Which brings us back to throat-singing. The Tuvans are Eastern Mongolian people who have been practicing throat-singing since antiquity. Some of us have had the experience of hearing Tuvan throat-singers at the Winnipeg Folk Festival. Not only do the Tuvan people physically resemble Inuit people, their ancient throat singing resembles Inuit throat-singing remarkably. (I know this because I have watched the remarkable Tanya Tagaq perform.) So, in all probability, the Inuit brought the throat singing tradition with them from their ancient Siberian past. In other words, they probably culturally appropriated it from their earlier mother culture.

And where did the Tuvan get it? The tradition probably goes so far back that it cannot be ascertained when it originated. Perhaps it extends all the way back to our common ancestors in Africa. The point is that all tribes and cultures have been “culturally appropriating” from one another since the beginning of time.

And isn’t that what we all do? I listened to a lecture about cultural appropriation by an Indigenous man who was dressed in a cowboy hat and cowboy boots. He didn’t appear to see the irony. That man was a Protestant. Again, he didn’t see the irony.

But wait – not only did Indigenous people “culturally appropriate” western religion, isn’t Christianity itself a perfect example of cultural appropriation? After all, the early Christians were Jews who simply “appropriated” Judaism, and added a few parts. For that matter, didn’t the Jews do the same? Their religion is made up of Egyptian, Babylonian, Greek and many other bits. They took the best parts, and left the parts that didn’t fit.

And on a larger scale, isn’t “cultural appropriation” how people learn? Doesn’t everybody take and keep the most useful information that they come across, and don’t they then pass this on to their children? Teachers use information obtained from Polish scientists, Arab mathematicians, Scottish geologists, and so on. Those Polish, Arab and Scottish thinkers don’t demand permission or cash for what they created. They used their creative abilities to contribute gratis to human progress. This has always been the case. Greeks took from Indians. Romans took from Greeks. Another word for “cultural appropriation” is “history”.

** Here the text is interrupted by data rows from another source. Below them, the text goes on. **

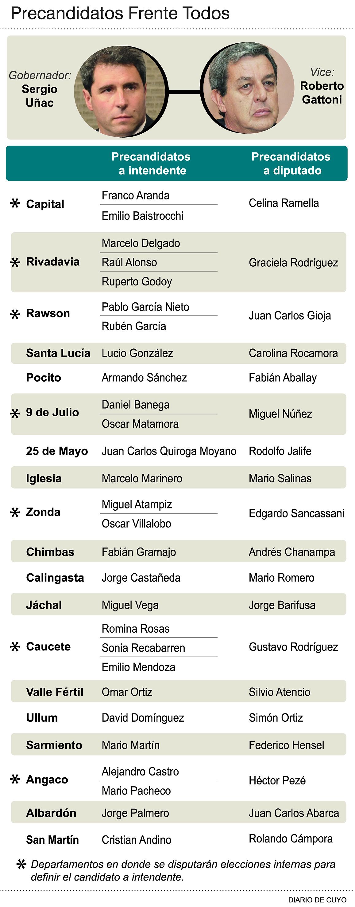 Este medio había adelantado que el que encabeza la lista de diputados proporcionales es el ministro de Minería, Alberto Hensel, quien suena como presidente de la bancada oficialista, debido a que el actual, Pablo García Nieto, compite por la Intendencia de Rawson. En segundo lugar va Fernanda Paredes, que trabaja en la Cámara de Diputados y es miembro de la mesa de mujeres del PJ, cercana políticamente a Uñac. El tercero es Eduardo Cabello, el secretario General de la CGT, quien actualmente es legislador proporcional y desde la central obrera ha venido acompañando decididamente la gestión del Gobernador. En cuarto lugar está la diputada nacional Florencia Peñaloza, que si bien había ganado su banca con el basualdismo, se pasó al interbloque que responde al mandatario provincial. Su incorporación obedece a la sociedad con Mauricio Ibarra, líder de Confe. El quinto lugar fue reservado para el bloquismo y el que también repite en un espacio proporcional es el iglesiano y exintendente Mauro Marinero, tras el respaldo de la titular de la fuerza, Graciela Caselles. En el casillero número seis apuntó a la contención de Leonardo Gioja, quien había ingresado a la Cámara pero como representante departamental de Capital. En esta contienda, esa postulación quedó para Celina Ramella (ver infografía). La séptima ubicación fue para el presidente del Concejo Deliberante de Pocito y familiar de Uñac, José Luis Esteve. El octavo escalón también sirvió de contención para el giojismo, ya que va Graciela Seva, exsecretaria de José Luis Gioja y actual legisladora. En el puesto nueve va Juan José Chica, líder de las 62 Organizaciones Peronistas, el brazo político del gremialismo. En el décimo espacio figura Gastón Berenguer, integrante del triunvirato de la Juventud Peronista y en el peldaño número 11, Horacio Quiroga, del kirchnerista Frente Grande.
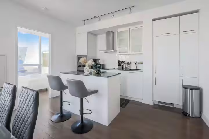 Stai în inima centrului orașului Toronto, în acest apartament modern cu un dormitor, la doar câțiva pași de Turnul CN, Rogers Centre și malul apei. Unitatea are un pat matrimonial confortabil în dormitor și o canapea extensibilă în living, perfectă pentru cupluri sau grupuri mici. Bucură-te de priveliștea panoramică prin ferestrele din podea până în tavan sau relaxează-te pe balconul privat. Apartamentul include o bucătărie completă, Smart TV, Wi-Fi de mare viteză și mașină de spălat și uscător în apartament. Oaspeții au, de asemenea, acces la o sală de fitness și la o piscină în aer liber.
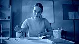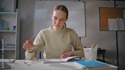 Positive girl working school at class room closeup. Woman teacher putting marks

And isn’t Canada itself a perfect example of cultural appropriation- each culture taking the best parts from the others, and moulding the result into something called “Canadian”? Don’t the Irish, Indigenous, Chinese and other contributions as a whole give us our unique identity and culture?

So, my advice to the aggrieved throat-singing group is this: Feel free to use that modern sound system (invented by British inventor, Lee de Forest in 1912), wear your best designer dress (perhaps French designer, Jeanne Lanvin), have your band play their Stratocasters (designed by Leo Fender in 1954), and when you win your award feel free to appropriate the language of your choice in which to give your acceptance speech. You will not be required to ask permission, or to pay for any of these creations you are “culturally appropriating” from the people and cultures that have created these wondrous things.

And be equally generous with your gifts.